- Theatrical release poster
- Directed by: Henry King
- Written by: Philip Dunne
- Based on: Second Book of Samuel
- Produced by: Darryl F. Zanuck
- Starring: Gregory Peck Susan Hayward Raymond Massey Kieron Moore James Robertson Justice
- Cinematography: Leon Shamroy
- Edited by: Barbara McLean
- Music by: Alfred Newman Edward Powell
- Distributed by: 20th Century-Fox
- Release dates: August 14, 1951 (New York City); August 30, 1951 (Los Angeles);
- Running time: 116 minutes
- Country: United States
- Language: English
- Budget: $2.17 million
- Box office: $4.72 million (U.S. and Canada rentals)

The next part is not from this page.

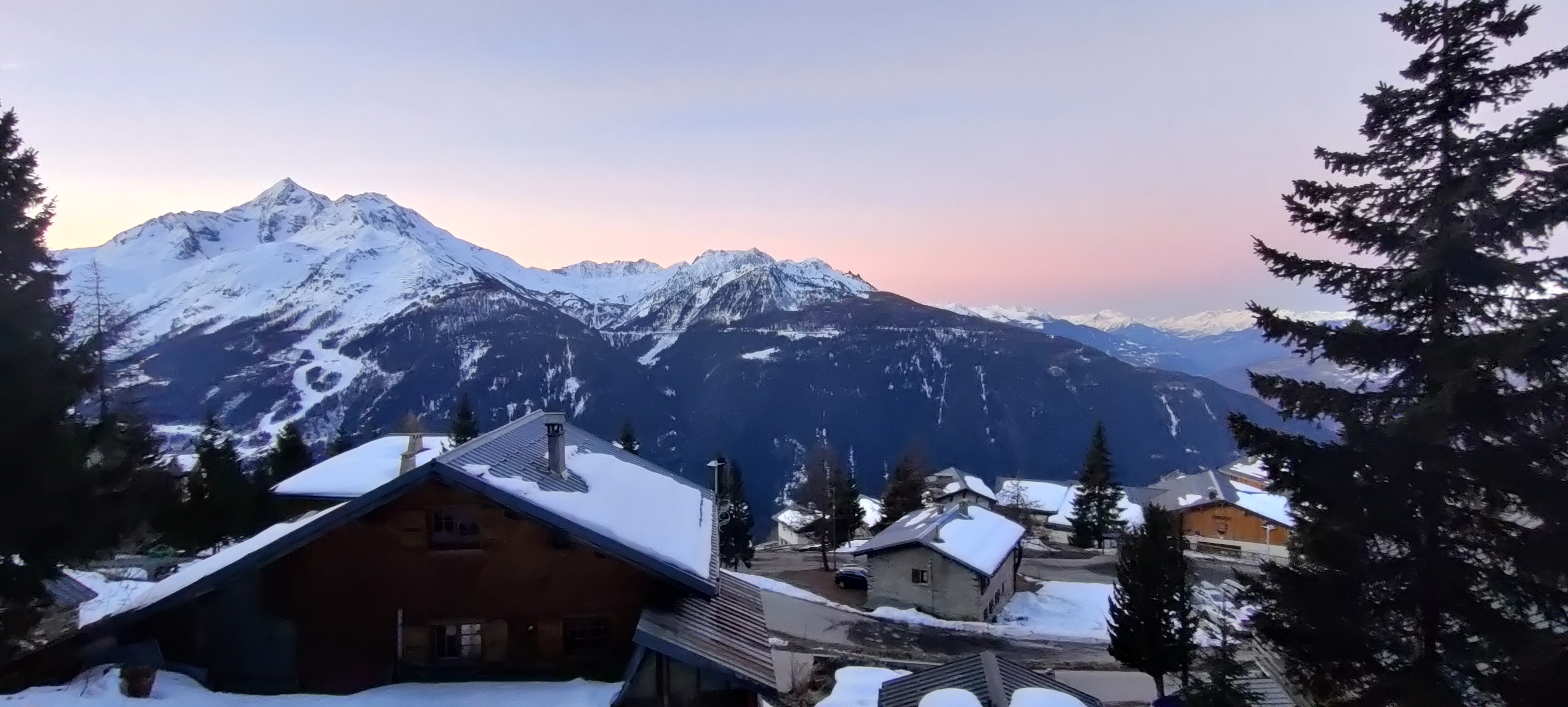 Domaine skiable idéal vaste avec l'Italie..de belles ballades à pied superbes panoramas et ensoleillé du matin au soir coucher de soleil splendide..habitations s'intègrent bien au paysage en bois et pierre .Spa avec sauna vue sur montagne top..un beau village où l'on se sent bien

= David and Bathsheba (film) =

1951 film by Henry King

David and Bathsheba is a 1951 American epic film produced by 20th Century-Fox and starring Gregory Peck as King David. It was directed by Henry King and produced by Darryl F. Zanuck, with a screenplay by Philip Dunne and cinematography by Leon Shamroy.

The film follows King David's life and his relationship with Uriah's wife Bathsheba, played by Susan Hayward. Goliath is portrayed by Lithuanian wrestler Walter Talun.

==Plot==
David ben Jesse, the second king of Israel, returns to Jerusalem after a military victory over the Philistines. En route, a cart bearing the Ark of the Covenant nearly capsizes. Uzzah, a captain in David's army, attempts to prevent the Ark from falling and abruptly dies touching it. While the prophet Nathan declares it the will of God, a skeptical David pronounces it as natural causes. David is attracted to Bathsheba, wife of his captain Uriah the Hittite.

The attraction is mutual, although both know an affair would break the law of Moses. When Bathsheba becomes pregnant, David sends for Uriah, hoping his spending time with Bathsheba will cover her pregnancy. David's wife Michal, who knows about the affair, tells David that Uriah did not return home; he slept at the castle, as a sign of loyalty to his king. David orders Uriah to the front line while withdrawing his own troops, leaving Uriah to die. David sends Bathsheba word of her husband's death, and the two plan their marriage.

Nathan informs David that the Israelites are dissatisfied with his leadership; they want David's sons to rule. Nathan says David has forgotten he is the Lord's servant. Shortly after David marries Bathsheba, a drought hits Israel and the couple's newborn child dies. Nathan returns to tell David that God is displeased with him. However, he will not die as the law demands, but will be punished through family misfortune. David takes full responsibility, insisting Bathsheba is blameless, but the people want her killed. David plans to save Bathsheba, but she tells David they are both equally at fault.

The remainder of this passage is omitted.